Some discoveries made:
My squash plants are beginning to travel.
...and make their way up the fence!
My onions are beginning to grow bulbs, in spite of the dense soil.
Cabbages! Cabbages cabbages cabbages!
My garlic is now drying out (and blown about by high winds) and ready for harvesting later this week.
My sweet peas are blooming!
Alas, not all is well. I noticed some brown spots on my potato plants a few weeks ago and kind of ignored them in hopes that they would go away. But, of course, that never works. I came home from vacation to find this:
And this:
Sigh. With advice from my mom, and assistance from the WSU Hortsense website and that of the Cornell University Extension, I diagnosed this as Late Blight, the infamous disease that led to the Irish Potato Famine. Everything I read noted that it is associated with high moisture and medium temperatures- exactly what we experienced for all of June. Since it can affect tomatoes as well, and since my neighbor's potato plants are right on the other side of the fence, I made the decision to have an early potato harvest, in hopes that it will prevent the blight from spreading, and to get the potatoes themselves out of the ground before they are affected.Regardless of circumstances, harvesting potatoes is one of my absolute favorite things to do in the garden. It is the most satisfying of harvests, the best kind of treasure hunt, and I have really good memories of digging potatoes with my dad while growing up. I was really tickled to see that Rhonda over at Down to Earth feels the same way about potatoes, which she wrote about in this post last month.
From left to right: Russian Bananas, Yukon Golds, Red Norlands, and Yellow Finns.
Not a bad harvest, considering how early it was in the season, and certainly enough to last me and Matt for the next couple of months. Only the yellow finns were misshapen, so hopefully I caught everything before the blight got too far, or else it was a strain of the blight that only affected the leaves. Has anyone else dealt with potato blight and can you tell me more about it?
We also had to catch up with the rest of the garden, so there were bunching onions, kale, peas, nasturtiums, and of course the potatoes to make a dinner of steamed potatoes and a salad with a marjoram/lemon thyme/lemon oregano vinaigrette. Oh, and of course I can't forget the first four ripe sungold cherry tomatoes, each about the size of a marble!
3 comments:
Hi-- Stumbled across your Web site when checking, as I regularly do these days, to see where the dread Late Blight has shown up this year.
My condolences. It does indeed look from your pictures like that's what you have/had.
Couple of things. One is that Late Blight is Late Blight, and it does go right down from the leaves into the potatoes themselves. There is not a variant that affects only leaves.
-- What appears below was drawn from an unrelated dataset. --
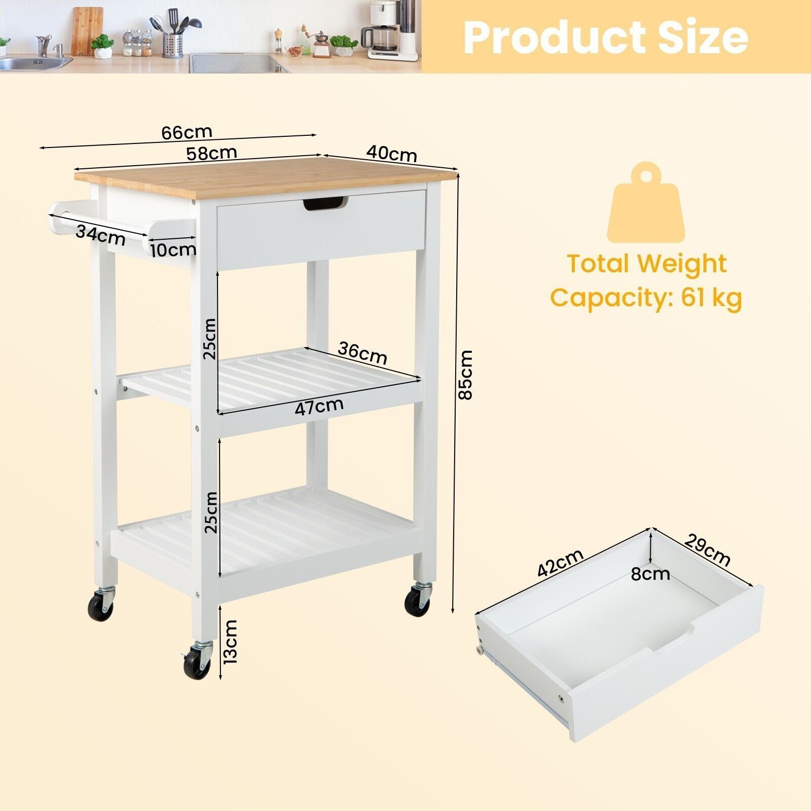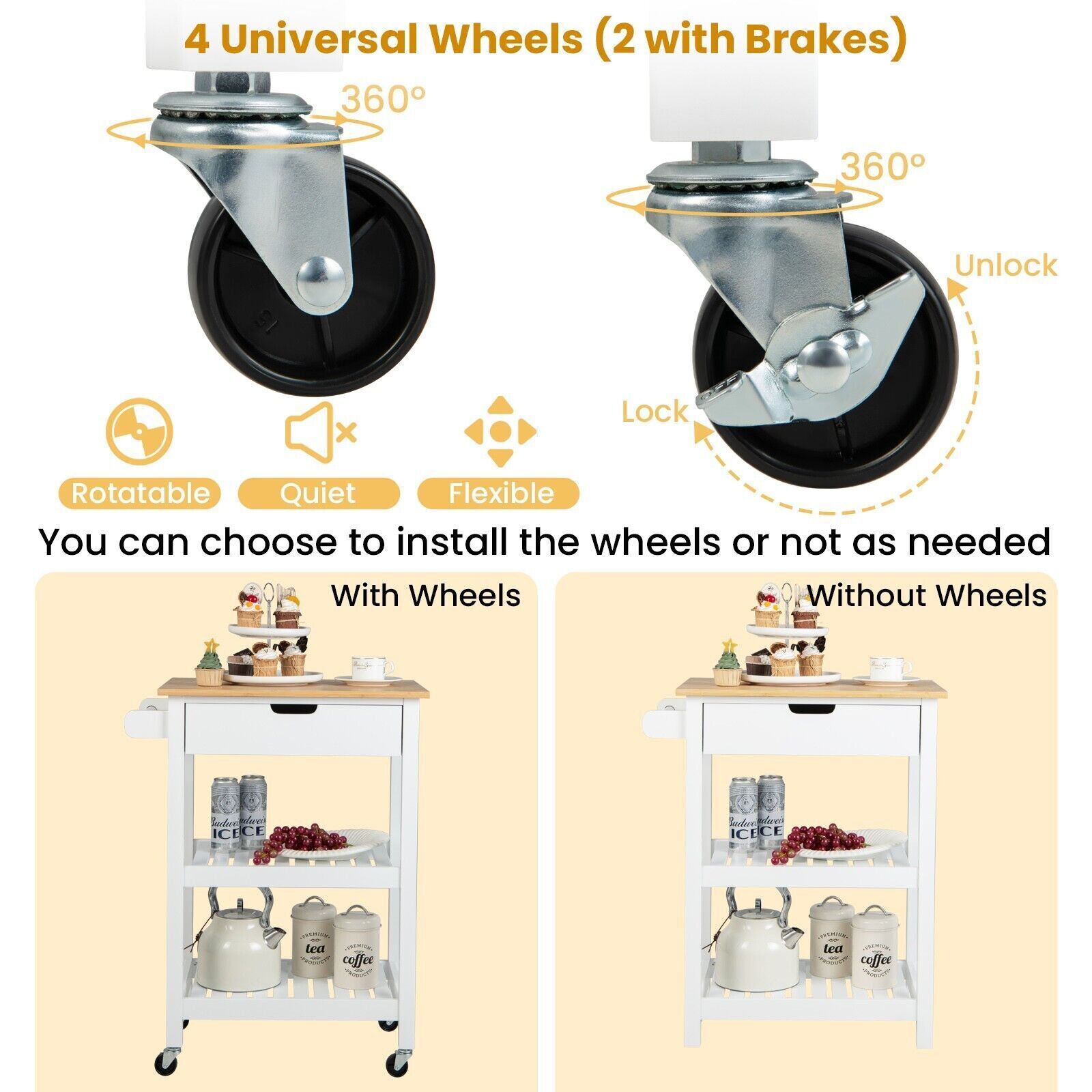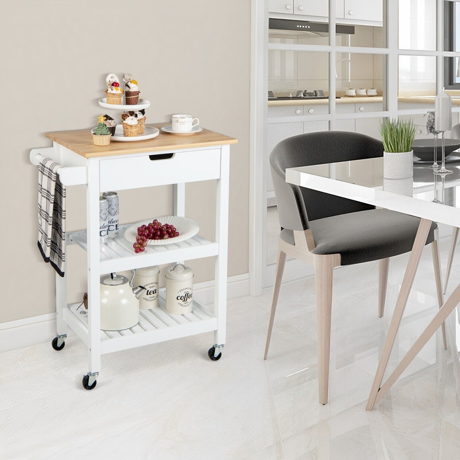 Bamboo Rolling Kitchen Island Mobile Bar Serving Cart W/ Drawer & Towel Rack

However, if you catch it and dig up the spuds early, as it looks like you may have done, they'll be perfectly fine to eat *even though* they already contain the Late Blight.
It's one of those nasty little agricultural secrets of our food supply that lots of potatoes from LB-infected plants make their way to our supermarkets and even our organic farmers' markets because of this.
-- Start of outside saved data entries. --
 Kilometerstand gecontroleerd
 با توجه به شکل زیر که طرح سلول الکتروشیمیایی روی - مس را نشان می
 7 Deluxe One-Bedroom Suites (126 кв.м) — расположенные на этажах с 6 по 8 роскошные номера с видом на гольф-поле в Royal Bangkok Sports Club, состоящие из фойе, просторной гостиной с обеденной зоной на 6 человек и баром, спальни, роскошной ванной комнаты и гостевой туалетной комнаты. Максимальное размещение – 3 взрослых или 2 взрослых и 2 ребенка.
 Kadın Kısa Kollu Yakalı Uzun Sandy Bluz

This is the primary reason why one should never, ever use market potatoes, or even one's own, as seed potatoes but only buy "Certified Disease-free" seed potatoes from responsible growers.
How long yours would last in storage before deteriorating is another question, but it looks like the amount you've got there will get eaten up pretty quickly (at least, that much would go fast in my household!), so that's not going to be a problem.
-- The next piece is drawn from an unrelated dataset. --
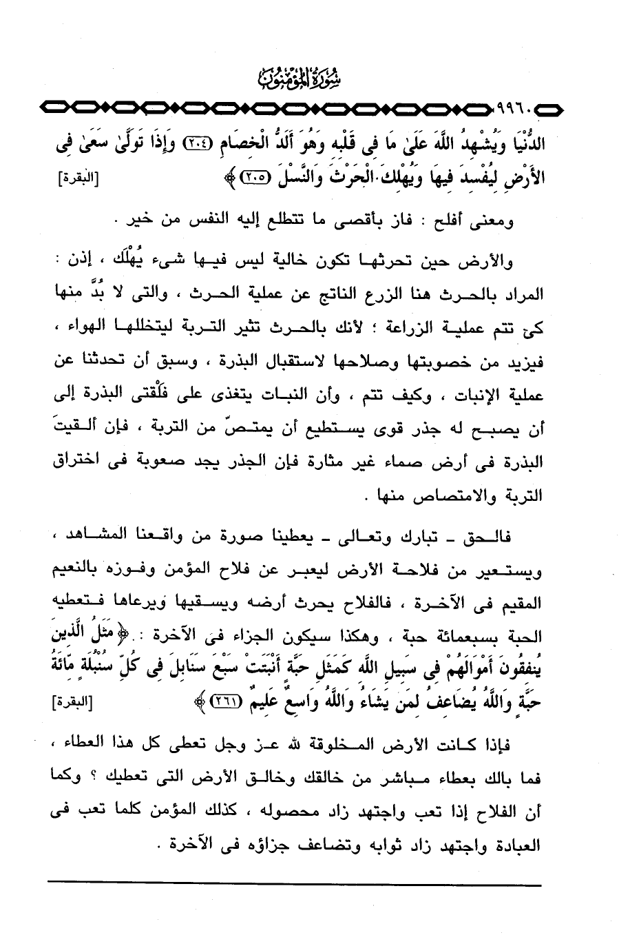 فالحق - تبارك وتعالى - يعطينا صورة من واقعنا المشاهد، ويستعير من فلاحة الأرض ليعبر عن فلاح المؤمن وفوزه بالنعيم المقيم في الآخرة، فالفلاح يحرث أرضه ويسقيها ويرعاها فتعطيه الحبة بسبعمائة حبة، وهكذا سيكون الجزاء في الآخرة: {مَّثَلُ الذين يُنْفِقُونَ أَمْوَالَهُمْ فِي سَبِيلِ الله كَمَثَلِ حَبَّةٍ أَنبَتَتْ سَبْعَ سَنَابِلَ فِي كُلِّ سُنبُلَةٍ مِّئَةُ حَبَّةٍ والله يُضَاعِفُ لِمَن يَشَآءُ والله وَاسِعٌ عَلِيمٌ} [البقرة: 261] .

But very, very important is that fact that Late Blight is in the potatoes themselves. LB requires living tissue to survive, and potatoes in storage or overwintering deep in the soil and therefore not frozen, or tossed on the compost pile, are actually the source of continued LB epidemics. It's believed that failure to destroy infected crops of potatoes from last year is the reason we've got it again this year.
So take heed of that and DO NOT put any leftover raw potatoes in your compost pile but throw them away with your regular trash to be sure they get incinerated.
Also, be sure you got all the tubers out of the ground, and be vigilant next year about pulling up any "volunteers" that pop up in that area from the ones you missed.
Lastly and along the same lines, the infected plants themselves have to be carefully bagged and disposed of in the trash, not in the compost or tossed into a refuse pile.
Watch your tomato plants carefully for signs of blight! The spores can travel as much as 30 miles in a day on the wind, so it's a trivial matter for them to blow across your garden to your tomato plants.
Oh wow what a very productive garden you have! Looks great.
Enjoy the harvest
:)
Kim
Anonymous- thanks for the info! I am definitely being careful re: not putting the potato leaves and leftovers in the compost, but getting them out of the way so hopefully it doesn't spread. My neighbor's potatoes still look as healthy and robust as can be, so hopefully I caught everything early enough!